**TASK INSTRUCTIONS**
Among the records below, find the line with "9. Enter the" and the line with "Lines: data, pythia8 8.307 ppthermNoScat |". Set down both and every line between, exactly and with no pictures, but nothing else.

**DATASET RECORDS**
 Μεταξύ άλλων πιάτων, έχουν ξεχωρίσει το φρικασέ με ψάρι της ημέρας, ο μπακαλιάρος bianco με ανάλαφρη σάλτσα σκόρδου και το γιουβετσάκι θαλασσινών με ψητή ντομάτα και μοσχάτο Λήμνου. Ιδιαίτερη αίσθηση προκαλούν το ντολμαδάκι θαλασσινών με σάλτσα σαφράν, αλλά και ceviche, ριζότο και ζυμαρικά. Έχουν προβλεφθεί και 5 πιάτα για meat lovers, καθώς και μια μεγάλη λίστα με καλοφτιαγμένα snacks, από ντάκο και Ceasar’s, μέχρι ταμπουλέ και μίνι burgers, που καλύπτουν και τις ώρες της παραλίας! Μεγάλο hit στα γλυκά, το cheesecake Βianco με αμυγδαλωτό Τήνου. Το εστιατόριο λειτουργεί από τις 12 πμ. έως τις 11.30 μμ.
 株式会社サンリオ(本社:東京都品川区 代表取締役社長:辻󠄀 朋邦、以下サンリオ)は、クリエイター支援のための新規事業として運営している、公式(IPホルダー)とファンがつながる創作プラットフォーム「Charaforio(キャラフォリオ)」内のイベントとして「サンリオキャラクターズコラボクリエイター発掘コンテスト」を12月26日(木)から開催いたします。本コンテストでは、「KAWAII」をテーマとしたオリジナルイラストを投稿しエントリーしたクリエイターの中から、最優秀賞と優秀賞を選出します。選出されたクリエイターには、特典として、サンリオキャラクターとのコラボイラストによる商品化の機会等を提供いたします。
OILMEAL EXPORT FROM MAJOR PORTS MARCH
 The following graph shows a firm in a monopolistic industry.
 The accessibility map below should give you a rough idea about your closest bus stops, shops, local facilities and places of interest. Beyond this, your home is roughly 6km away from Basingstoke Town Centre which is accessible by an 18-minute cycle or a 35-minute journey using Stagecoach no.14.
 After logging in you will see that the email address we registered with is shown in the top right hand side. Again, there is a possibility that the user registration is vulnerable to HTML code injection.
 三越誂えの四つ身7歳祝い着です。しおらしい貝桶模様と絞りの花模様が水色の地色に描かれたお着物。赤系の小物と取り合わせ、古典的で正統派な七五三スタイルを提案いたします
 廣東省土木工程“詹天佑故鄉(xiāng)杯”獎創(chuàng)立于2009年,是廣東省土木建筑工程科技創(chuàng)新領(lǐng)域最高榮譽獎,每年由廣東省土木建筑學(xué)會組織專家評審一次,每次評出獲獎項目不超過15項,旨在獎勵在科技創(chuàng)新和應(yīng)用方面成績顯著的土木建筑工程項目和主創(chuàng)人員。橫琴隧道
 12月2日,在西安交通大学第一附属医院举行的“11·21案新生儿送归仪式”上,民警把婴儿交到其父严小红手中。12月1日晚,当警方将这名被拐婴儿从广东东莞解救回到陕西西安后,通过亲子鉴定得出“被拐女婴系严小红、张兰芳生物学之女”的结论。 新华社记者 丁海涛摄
---
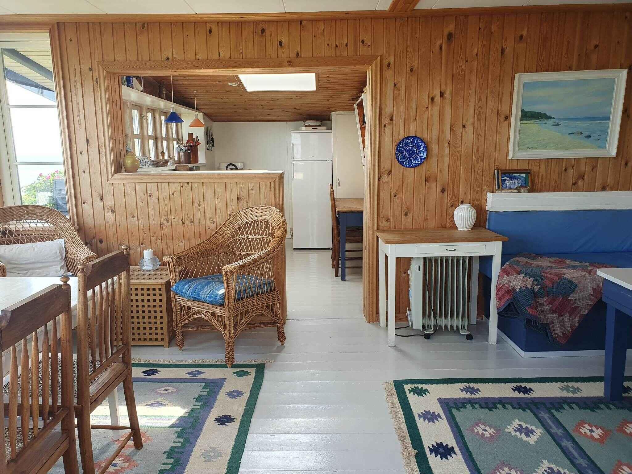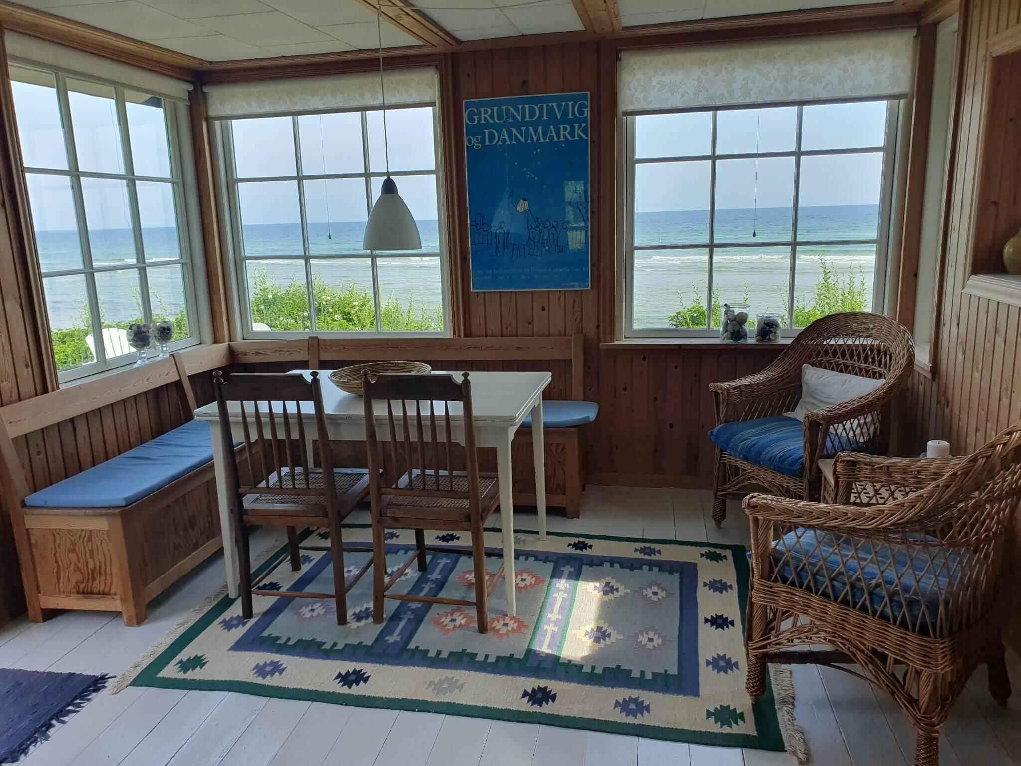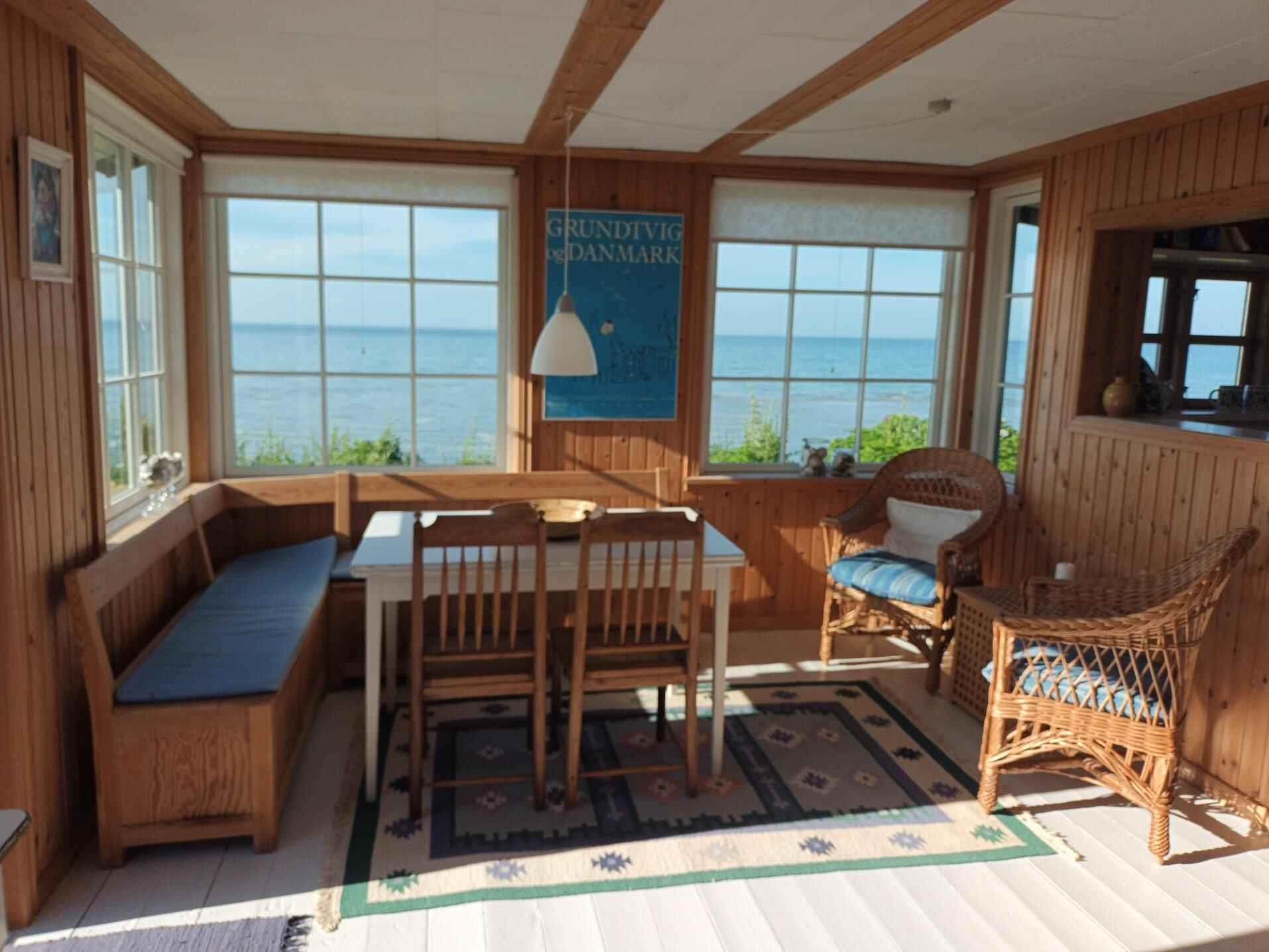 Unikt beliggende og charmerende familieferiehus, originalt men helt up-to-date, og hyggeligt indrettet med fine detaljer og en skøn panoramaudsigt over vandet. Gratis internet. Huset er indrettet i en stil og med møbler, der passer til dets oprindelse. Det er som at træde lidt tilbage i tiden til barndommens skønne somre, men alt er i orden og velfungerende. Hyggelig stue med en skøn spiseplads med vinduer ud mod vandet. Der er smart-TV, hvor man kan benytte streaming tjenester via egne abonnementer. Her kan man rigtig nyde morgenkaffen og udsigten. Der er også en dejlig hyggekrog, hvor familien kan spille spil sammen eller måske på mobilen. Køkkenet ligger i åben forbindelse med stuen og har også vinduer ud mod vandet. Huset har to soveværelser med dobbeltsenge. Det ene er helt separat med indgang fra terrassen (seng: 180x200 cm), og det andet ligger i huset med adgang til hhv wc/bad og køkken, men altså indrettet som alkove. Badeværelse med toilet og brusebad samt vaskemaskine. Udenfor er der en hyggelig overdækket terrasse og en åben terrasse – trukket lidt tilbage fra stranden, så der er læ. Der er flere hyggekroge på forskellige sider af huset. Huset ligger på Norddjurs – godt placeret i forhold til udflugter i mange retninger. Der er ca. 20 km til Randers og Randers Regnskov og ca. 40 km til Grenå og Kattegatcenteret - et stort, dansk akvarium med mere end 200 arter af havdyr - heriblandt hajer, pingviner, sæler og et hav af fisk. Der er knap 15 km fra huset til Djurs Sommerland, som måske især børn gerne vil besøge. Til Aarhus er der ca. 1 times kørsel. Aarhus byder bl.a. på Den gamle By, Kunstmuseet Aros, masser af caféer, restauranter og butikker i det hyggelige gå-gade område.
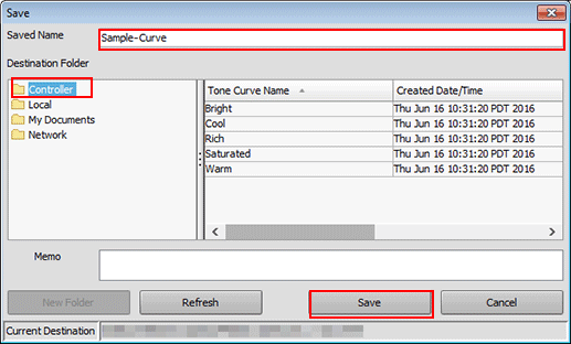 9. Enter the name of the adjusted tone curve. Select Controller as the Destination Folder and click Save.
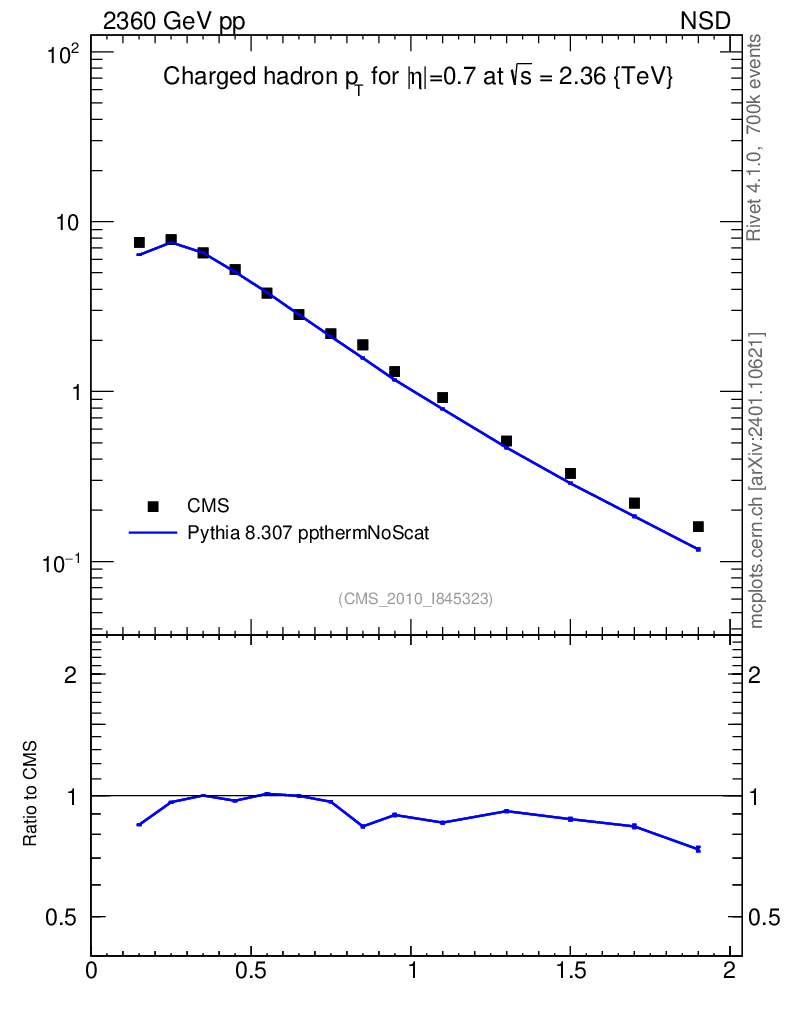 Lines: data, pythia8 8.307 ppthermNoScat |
---
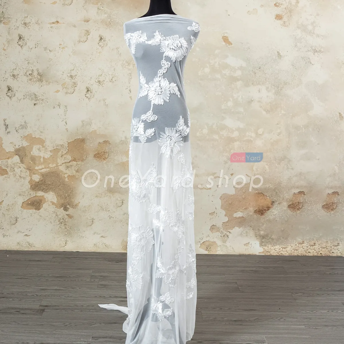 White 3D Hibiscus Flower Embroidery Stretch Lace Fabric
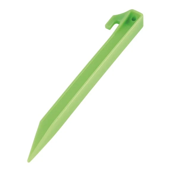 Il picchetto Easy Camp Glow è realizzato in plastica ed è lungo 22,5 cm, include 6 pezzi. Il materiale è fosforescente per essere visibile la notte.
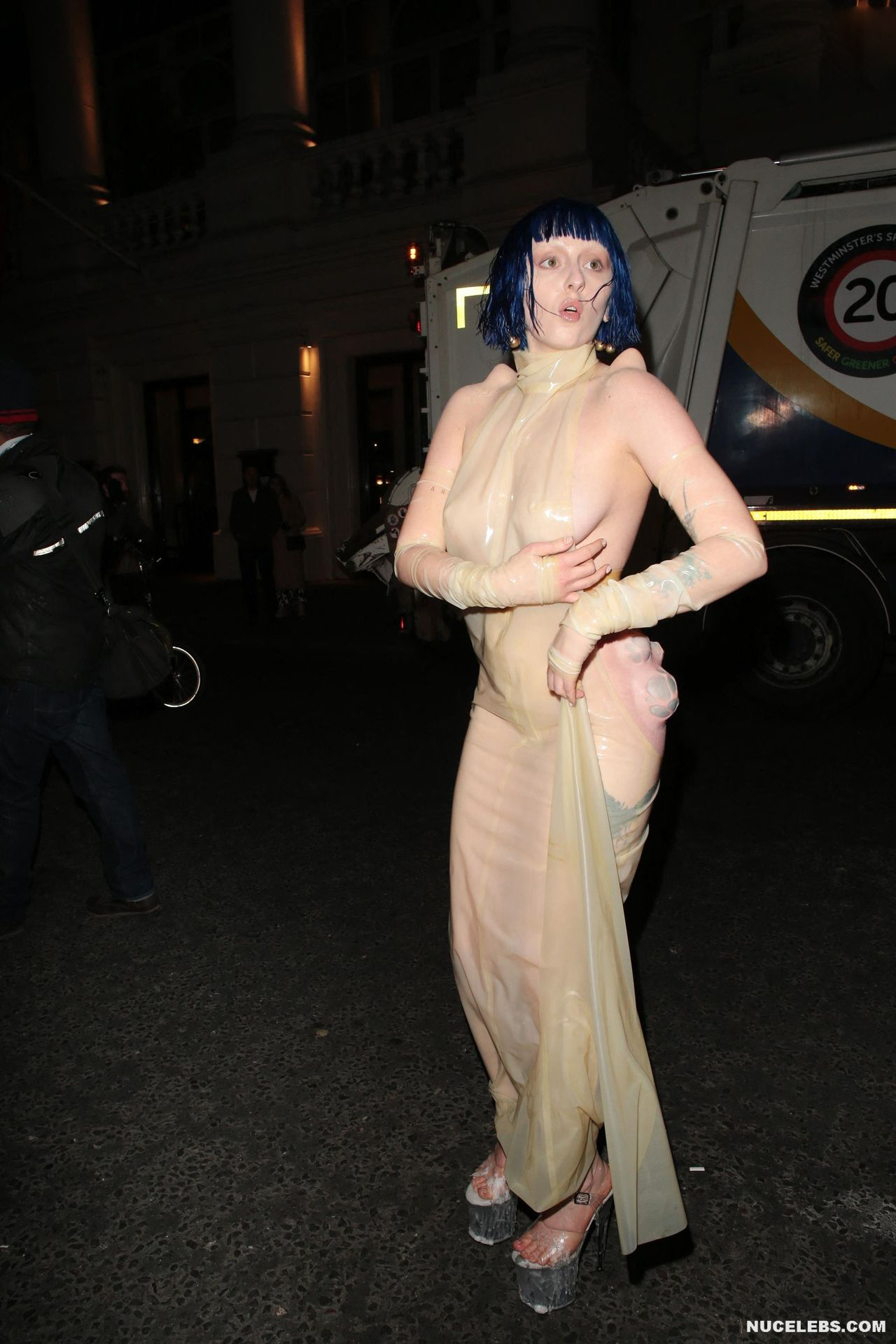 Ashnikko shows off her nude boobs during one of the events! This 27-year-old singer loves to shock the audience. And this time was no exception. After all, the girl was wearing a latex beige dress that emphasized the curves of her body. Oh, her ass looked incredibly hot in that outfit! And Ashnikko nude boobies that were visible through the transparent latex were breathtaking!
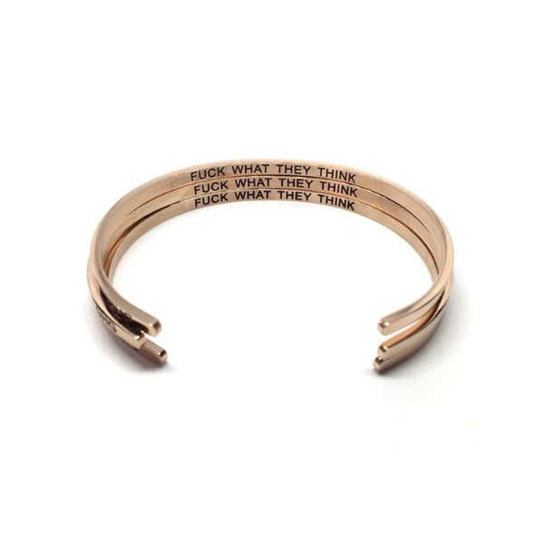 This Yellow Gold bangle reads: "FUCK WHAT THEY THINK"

**SOLUTION**
 9. Enter the name of the adjusted tone curve. Select Controller as the Destination Folder and click Save.
 Lines: data, pythia8 8.307 ppthermNoScat |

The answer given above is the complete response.